On an international level, the Gulf War, in which Operation Daguet constituted the French participation, was a moment of geopolitical recomposition at the end of the Cold War. The process of dissolution of the USSR - which was abolished in December of the same year - rendered obsolete the international system that had prevailed since the end of the 1940s, based on the confrontation of two superpowers each supported by a political-military bloc. From this geopolitical turning point came the "American moment" of the 1990s. The intervention of a coalition of states led by George Bush Sr.'s United States participated in the redefinition of a new world order; the bipolar order faded in the face of the Americans' ability to ensure the reign of law and international order, even if it meant mobilising their own capabilities that were out of all proportion to those of their allies, while favouring a multilateral approach to crisis management.

Saddam Hussein, in power since 1979, seeks to take advantage of geopolitical uncertainty to secure Iraqi influence in the region. Whereas the Middle East had been one of the theatres of the multiple peripheral conflicts(proxies) of the Cold War, the Ba'athist leader imagines that with the end of the bloc system, eyes will turn away from the Middle East and the field will be free for Iraq to become the main power there. Moreover, the end of the Iran-Iraq war (1980-1988) left thousands of Iraqi fighters unemployed, military equipment waiting to be used and infrastructure to be rebuilt. This led to an aggressive and predatory policy by which Saddam Hussein sought to monopolise all or part of his Kuwaiti neighbour's oil resources, thereby ensuring better access to the Persian Gulf and, incidentally, punishing the Kuwaiti government for refusing to write off the large Iraqi debt (US$10 billion, which is putting a strain on Iraqi reconstruction capacities).

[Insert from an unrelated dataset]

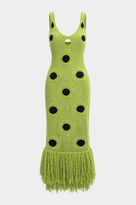 A statement piece for the woman who arrives to be remembered. The Verde Crochet Fringe Maxi blends meticulous craftsmanship with a daring silhouette that flatters every curve. The contrast circular knitwork and flowing fringe hem create movement that feels artistic and effortless. Style with metallic heels and minimal jewelry for an elevated, editorial-ready look.

On 2 August 1990, Iraqi troops entered Kuwaiti territory. On the same day, the UN adopted resolution 660 condemning the invasion and demanding the withdrawal of these troops. On the 6th, by resolution 661, it decides on an embargo on Iraq. On the 8th, the annexation of Kuwait is proclaimed by the Iraqi government. Thousands of Western nationals are taken hostage.

For France, the choice to participate in the intervention in Iraq corresponds to a commitment to respect for international law, in particular borders, which Iraq has clearly violated. It is also a matter of providing assistance to a State that has been the victim of aggression and that has solemnly requested a meeting of the Security Council. Here, too, the place that France will hold in the new international system is at stake in a strategic region where it has long-standing allies. Finally, the sacking of the French Embassy in Kuwait by Iraqi forces on 14 September 1990 provides an unambiguous reason for an armed response.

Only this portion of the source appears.